▶ **Your goal**:
Below is a listing; print exactly its lines from the one containing "Les projets retenus" down to the one containing "LK OPUS® 66.", both inclusive, with every picture left out.

[[ Data to process open ]]

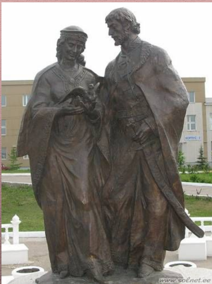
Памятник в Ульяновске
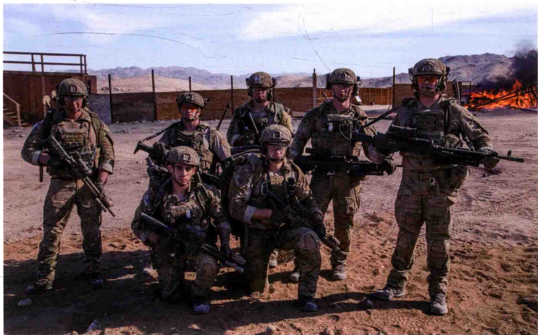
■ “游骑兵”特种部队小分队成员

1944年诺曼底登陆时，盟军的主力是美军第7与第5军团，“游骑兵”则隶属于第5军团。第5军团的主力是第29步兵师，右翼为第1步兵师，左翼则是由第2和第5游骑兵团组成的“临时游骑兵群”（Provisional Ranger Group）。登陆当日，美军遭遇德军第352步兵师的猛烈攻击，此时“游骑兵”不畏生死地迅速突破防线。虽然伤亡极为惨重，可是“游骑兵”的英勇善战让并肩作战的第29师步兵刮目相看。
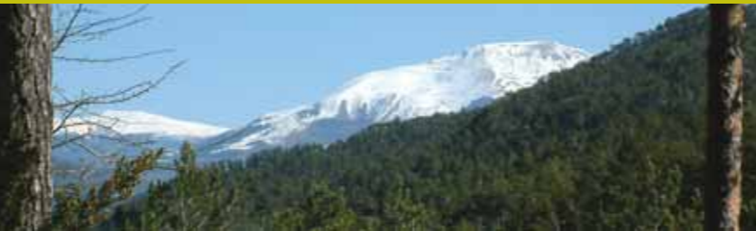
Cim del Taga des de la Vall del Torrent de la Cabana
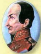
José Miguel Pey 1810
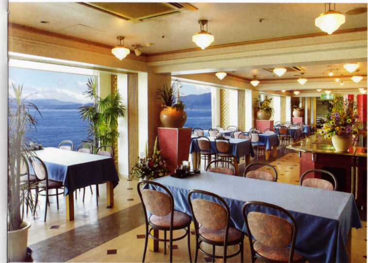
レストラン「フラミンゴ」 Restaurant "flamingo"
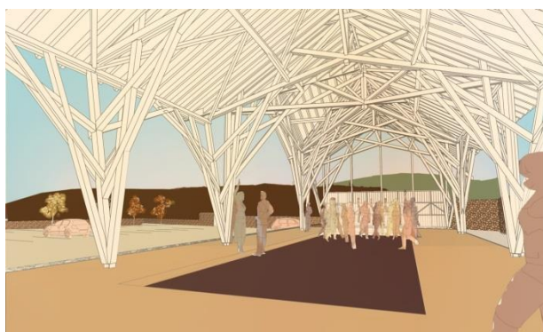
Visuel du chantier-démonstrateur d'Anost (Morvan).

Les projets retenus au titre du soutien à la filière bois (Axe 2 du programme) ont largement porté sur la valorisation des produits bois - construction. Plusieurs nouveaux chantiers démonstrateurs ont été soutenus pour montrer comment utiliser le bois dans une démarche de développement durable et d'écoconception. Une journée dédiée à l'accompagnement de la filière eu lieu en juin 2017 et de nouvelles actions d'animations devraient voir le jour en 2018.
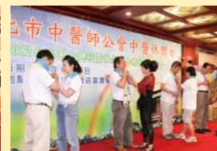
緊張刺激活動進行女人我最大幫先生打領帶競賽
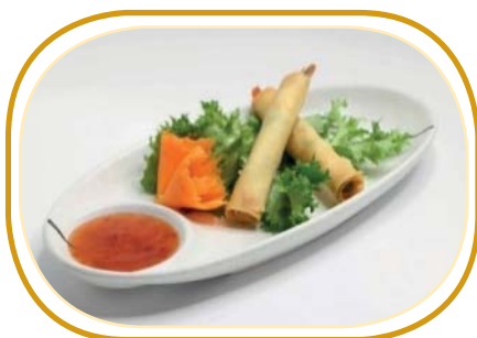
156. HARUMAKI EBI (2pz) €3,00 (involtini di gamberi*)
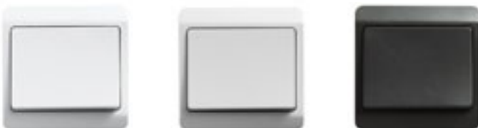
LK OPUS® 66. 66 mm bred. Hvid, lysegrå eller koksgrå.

[[ Data to process closed ]]
[[ Data to process open ]]

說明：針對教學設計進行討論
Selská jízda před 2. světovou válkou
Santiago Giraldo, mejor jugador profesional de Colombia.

[[ Data to process closed ]]

▶ **Response for this exercise**:
Les projets retenus au titre du soutien à la filière bois (Axe 2 du programme) ont largement porté sur la valorisation des produits bois - construction. Plusieurs nouveaux chantiers démonstrateurs ont été soutenus pour montrer comment utiliser le bois dans une démarche de développement durable et d'écoconception. Une journée dédiée à l'accompagnement de la filière eu lieu en juin 2017 et de nouvelles actions d'animations devraient voir le jour en 2018.
緊張刺激活動進行女人我最大幫先生打領帶競賽
156. HARUMAKI EBI (2pz) €3,00 (involtini di gamberi*)
LK OPUS® 66. 66 mm bred. Hvid, lysegrå eller koksgrå.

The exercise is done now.